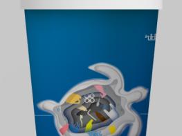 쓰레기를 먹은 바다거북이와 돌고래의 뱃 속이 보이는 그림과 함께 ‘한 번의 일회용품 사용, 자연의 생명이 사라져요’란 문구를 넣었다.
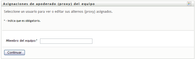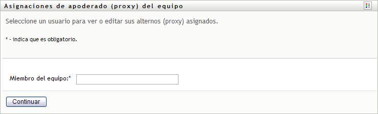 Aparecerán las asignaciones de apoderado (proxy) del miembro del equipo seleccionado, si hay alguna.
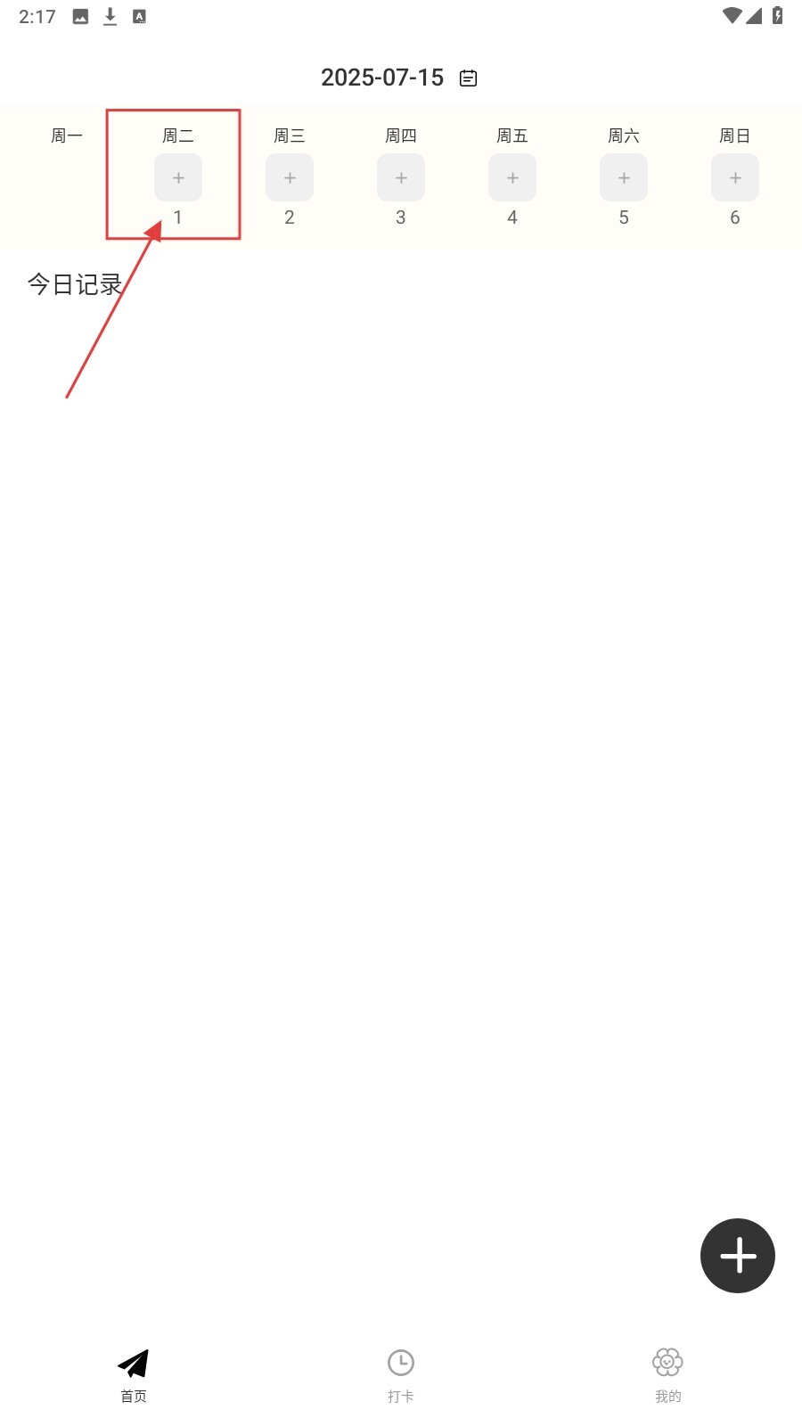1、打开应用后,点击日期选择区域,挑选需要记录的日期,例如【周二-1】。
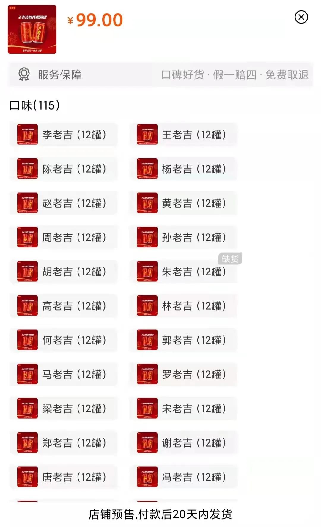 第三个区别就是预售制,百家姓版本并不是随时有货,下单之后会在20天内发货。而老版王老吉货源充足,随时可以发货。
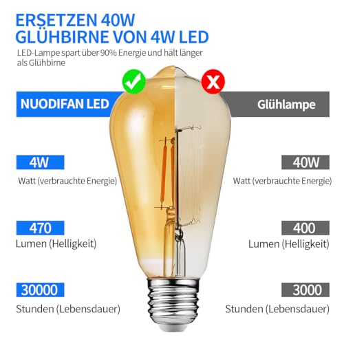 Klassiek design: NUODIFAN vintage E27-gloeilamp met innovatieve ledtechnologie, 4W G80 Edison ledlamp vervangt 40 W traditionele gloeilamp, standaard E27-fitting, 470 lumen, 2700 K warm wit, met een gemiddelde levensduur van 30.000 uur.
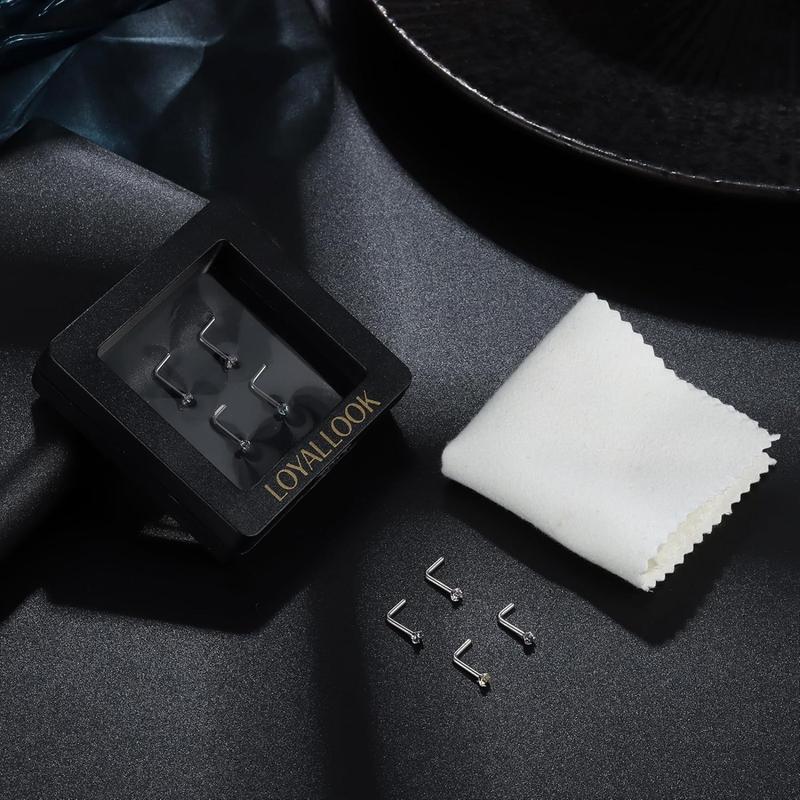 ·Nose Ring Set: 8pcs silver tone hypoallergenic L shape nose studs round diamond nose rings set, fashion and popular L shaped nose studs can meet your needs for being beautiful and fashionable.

About this task. Every line from the start of the material through the line containing "第三个区别就是预售制,百家姓" is needed exactly as written; the pictures are not.

Solution to the exercise.
 쓰레기를 먹은 바다거북이와 돌고래의 뱃 속이 보이는 그림과 함께 ‘한 번의 일회용품 사용, 자연의 생명이 사라져요’란 문구를 넣었다.
 Aparecerán las asignaciones de apoderado (proxy) del miembro del equipo seleccionado, si hay alguna.
1、打开应用后,点击日期选择区域,挑选需要记录的日期,例如【周二-1】。
 第三个区别就是预售制,百家姓版本并不是随时有货,下单之后会在20天内发货。而老版王老吉货源充足,随时可以发货。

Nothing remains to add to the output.